> _Work to complete_
Return nothing but the lines from the one containing "Las imágenes son" through the end of the records below, exactly as they stand and without pictures.

START Dataset excerpts

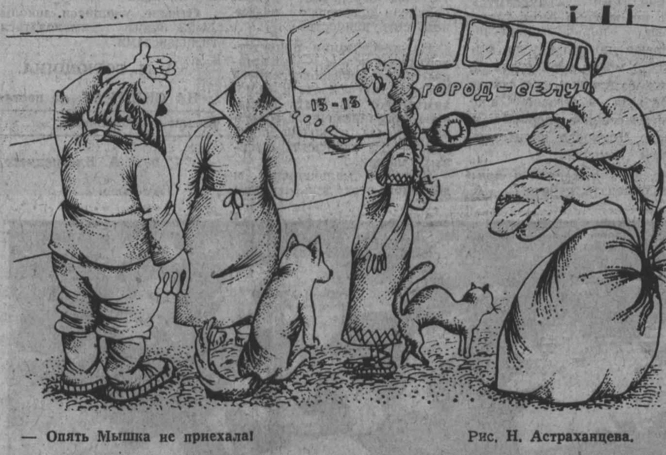
— Опять Мышка не приехал! Рис. Н. Астраханцева.
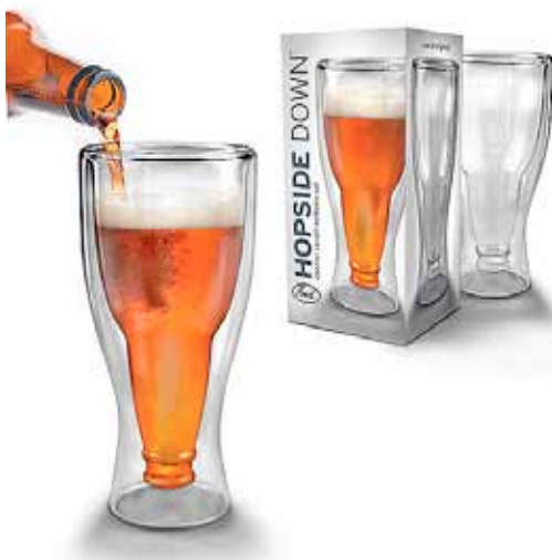
Бокал Hopside Down : 800 ₽
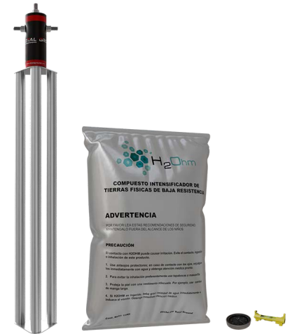
Las imágenes son exclusivamente de carácter ilustrativo y están sujetas a modificaciones.
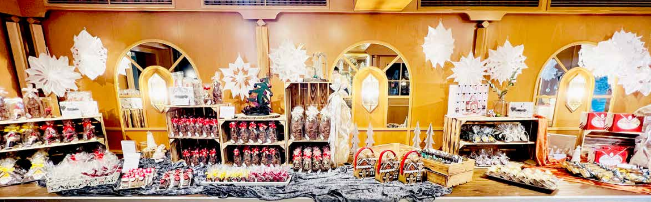
Unser alljährlicher Weihnachts- und Ostermarkt - schau vorbei!
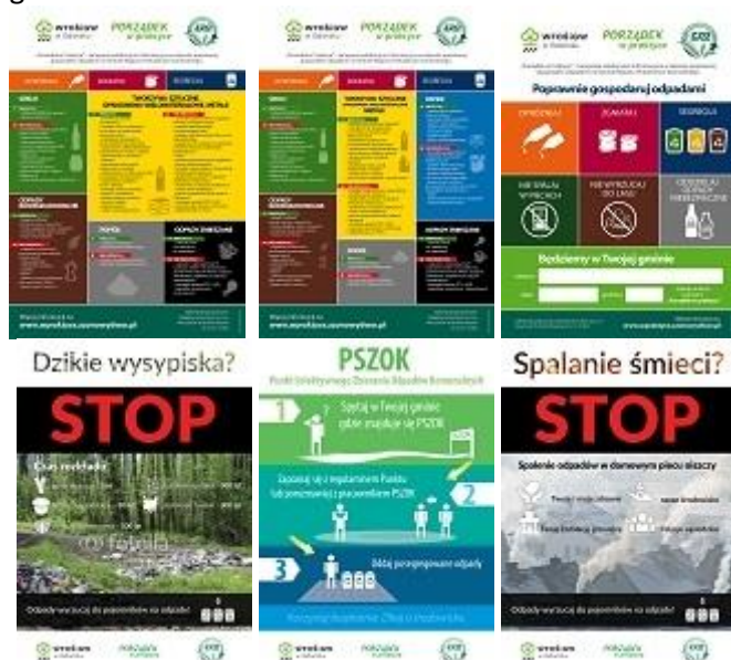
Rys. 3 Projekty plakatów (projekty w wersji elektronicznej załączone na płycie CD)

3 projekty plakatów wykonane zostały w formacie A3. Mniejszy format wydrukowanych plakatów wynikał z prośby ze strony gmin, argumentowanej ograniczoną powierzchnią gminnych gablot. Projekty plakatów dotyczyły następujących tematów: spalania odpadów w piecach, nielegalnych wysypisk oraz Punktu Selektywnego Zbierania Odpadów Komunalnych. Plakaty zostały przekazane gminom.

END Dataset excerpts

> _Reply to the task_
Las imágenes son exclusivamente de carácter ilustrativo y están sujetas a modificaciones.
Unser alljährlicher Weihnachts- und Ostermarkt - schau vorbei!
Rys. 3 Projekty plakatów (projekty w wersji elektronicznej załączone na płycie CD)

3 projekty plakatów wykonane zostały w formacie A3. Mniejszy format wydrukowanych plakatów wynikał z prośby ze strony gmin, argumentowanej ograniczoną powierzchnią gminnych gablot. Projekty plakatów dotyczyły następujących tematów: spalania odpadów w piecach, nielegalnych wysypisk oraz Punktu Selektywnego Zbierania Odpadów Komunalnych. Plakaty zostały przekazane gminom.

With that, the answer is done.